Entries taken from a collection
....................
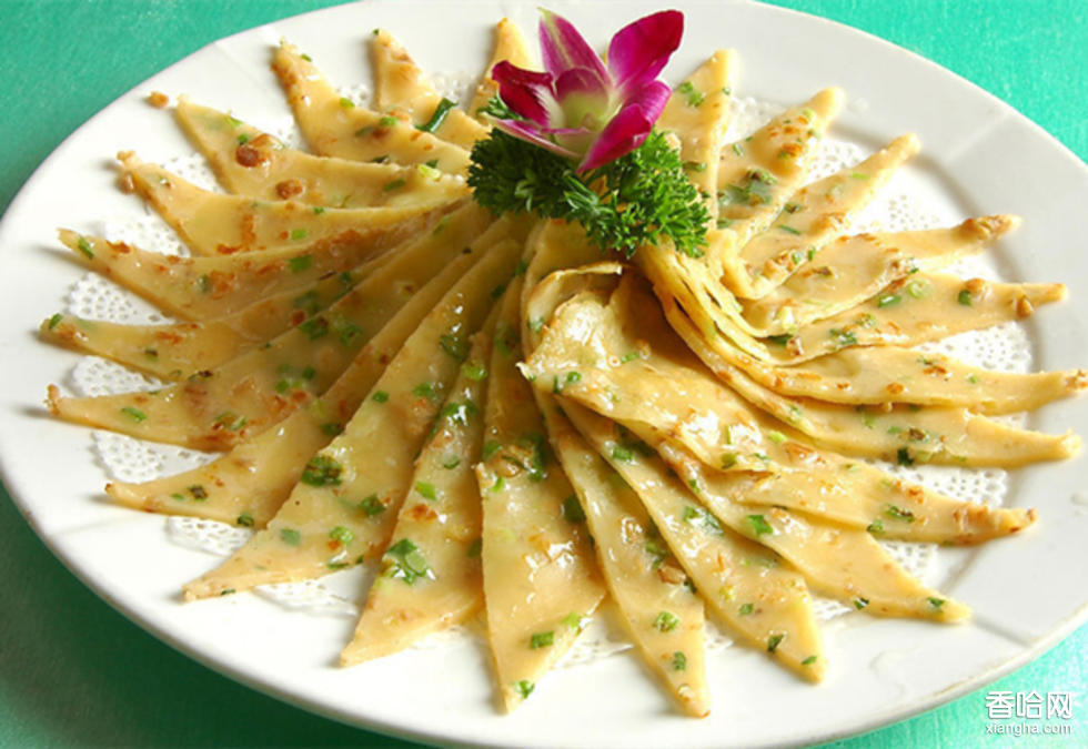 清油盤絲餅之所以叫“清油”,是相對(duì)葷油而言,用花生油來(lái)煎烙的。“盤絲”才是此餅的造型特色。它是以抻面的基礎(chǔ)上發(fā)展起來(lái)的一種精細(xì)面食品。制作時(shí)把面抻至極細(xì),細(xì)如銀絲,達(dá)千余根,再盤成圓餅形,放油中半煎半烙使之變熟。然后,提起中間把餅拉散,散放盤中,撒上青紅絲、白糖即成。盤絲餅外焦里嫩,金絲均勻,味甜爽口,是宴席上的佳品點(diǎn)心。特點(diǎn):外焦里嫩、金絲均勻,味甜爽口,條細(xì)均勻,絲不并、不斷、不亂。
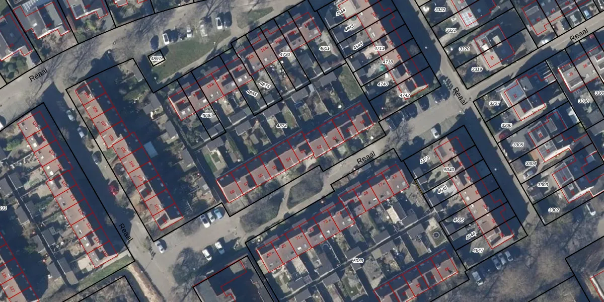 Het perceel waarop Reaal 63 staat heeft een oppervlakte van 3715 m². Dit is een zeer groot perceel. De perceeloppervlakte wordt geregistreerd door het Kadaster. Gedetailleerde informatie over de maten van dit perceel kunt u vinden in het rapport Kadastrale kaart met maatvoering van Reaal 63.
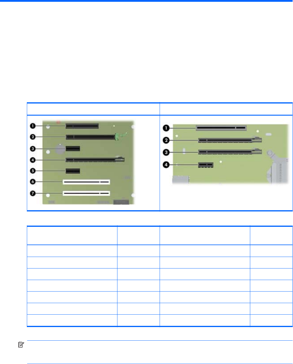 Az alábbi táblázat a HP Z210 munkaállomások bővítőhelyeit ismerteti.
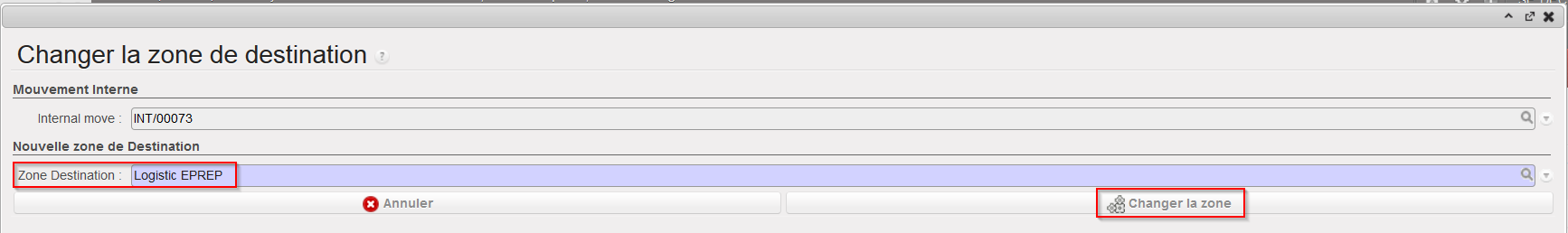 | Modification de la zone destination sur un Mouvement Interne (étape 2) |
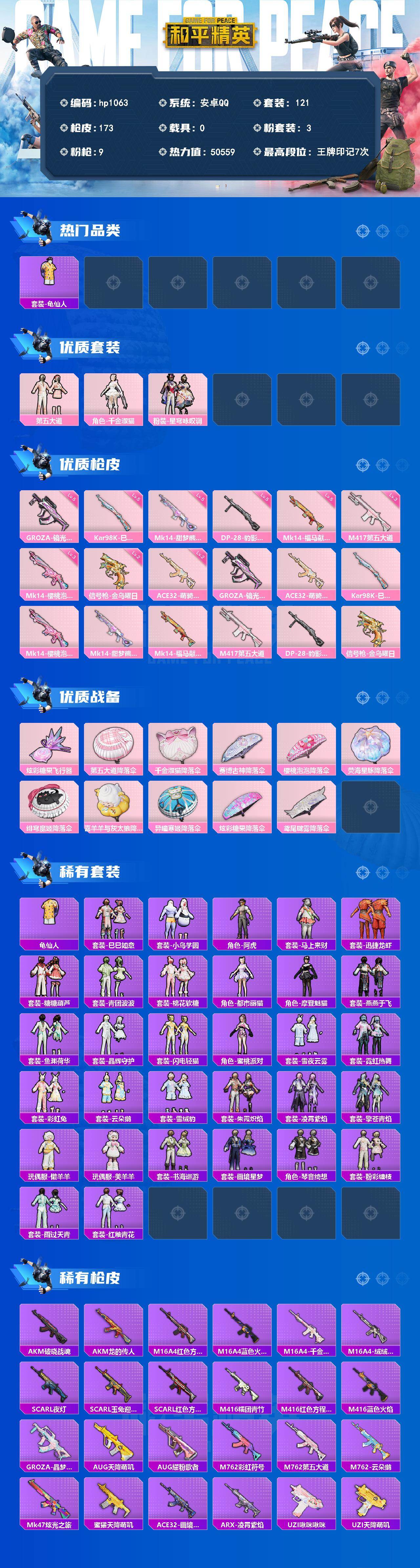 安卓 手Q-3粉装-9特效枪-0载具-1粉色飞行器-50559热力值-7王牌印记-121套装-173枪皮
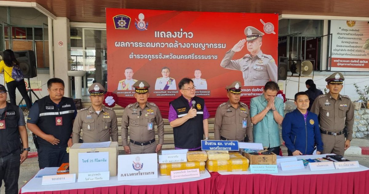 วันที่ 6 ก.พ.67 เวลา 13.00 น. ตำรวจภูธรจังหวัดนครศรีธรรมราช ได้จัดให้มีการแถลงข่าวนำโดย นายขจรเกียรติ รักพานิชมณี ผู้ว่าราชการจังหวัดนครศรีธรรมราช พร้อมด้วย พล.ต.ต.สมชาย ซื่อต่อตระกูล ผบก.ภ.จว.นครศรีธรรมราช ร่วมกันแถลงข่าว ผลการตรวจยึดยาไอซ์ จำนวน 25 กก.พื้นที่ สภ.ปากพนัง และจับกุมยาบ้า จำนวน 240,518 เม็ด พื้นที่ สภ.บางขัน และผลการจับกุมผู้ต้องหาร่วมกันทวงถามหนี้ในลักษณะการข่มขู่ลูกหนี้เข้าข่ายหนี้นอกระบบ พื้นที่ สภ.เมืองนครศรีธรรมราช
....................
**Activity**
Would you return the data above exactly as written, minus the images?

**Exercise output**
 清油盤絲餅之所以叫“清油”,是相對(duì)葷油而言,用花生油來(lái)煎烙的。“盤絲”才是此餅的造型特色。它是以抻面的基礎(chǔ)上發(fā)展起來(lái)的一種精細(xì)面食品。制作時(shí)把面抻至極細(xì),細(xì)如銀絲,達(dá)千余根,再盤成圓餅形,放油中半煎半烙使之變熟。然后,提起中間把餅拉散,散放盤中,撒上青紅絲、白糖即成。盤絲餅外焦里嫩,金絲均勻,味甜爽口,是宴席上的佳品點(diǎn)心。特點(diǎn):外焦里嫩、金絲均勻,味甜爽口,條細(xì)均勻,絲不并、不斷、不亂。
 Het perceel waarop Reaal 63 staat heeft een oppervlakte van 3715 m². Dit is een zeer groot perceel. De perceeloppervlakte wordt geregistreerd door het Kadaster. Gedetailleerde informatie over de maten van dit perceel kunt u vinden in het rapport Kadastrale kaart met maatvoering van Reaal 63.
 Az alábbi táblázat a HP Z210 munkaállomások bővítőhelyeit ismerteti.
 | Modification de la zone destination sur un Mouvement Interne (étape 2) |
 安卓 手Q-3粉装-9特效枪-0载具-1粉色飞行器-50559热力值-7王牌印记-121套装-173枪皮
 วันที่ 6 ก.พ.67 เวลา 13.00 น. ตำรวจภูธรจังหวัดนครศรีธรรมราช ได้จัดให้มีการแถลงข่าวนำโดย นายขจรเกียรติ รักพานิชมณี ผู้ว่าราชการจังหวัดนครศรีธรรมราช พร้อมด้วย พล.ต.ต.สมชาย ซื่อต่อตระกูล ผบก.ภ.จว.นครศรีธรรมราช ร่วมกันแถลงข่าว ผลการตรวจยึดยาไอซ์ จำนวน 25 กก.พื้นที่ สภ.ปากพนัง และจับกุมยาบ้า จำนวน 240,518 เม็ด พื้นที่ สภ.บางขัน และผลการจับกุมผู้ต้องหาร่วมกันทวงถามหนี้ในลักษณะการข่มขู่ลูกหนี้เข้าข่ายหนี้นอกระบบ พื้นที่ สภ.เมืองนครศรีธรรมราช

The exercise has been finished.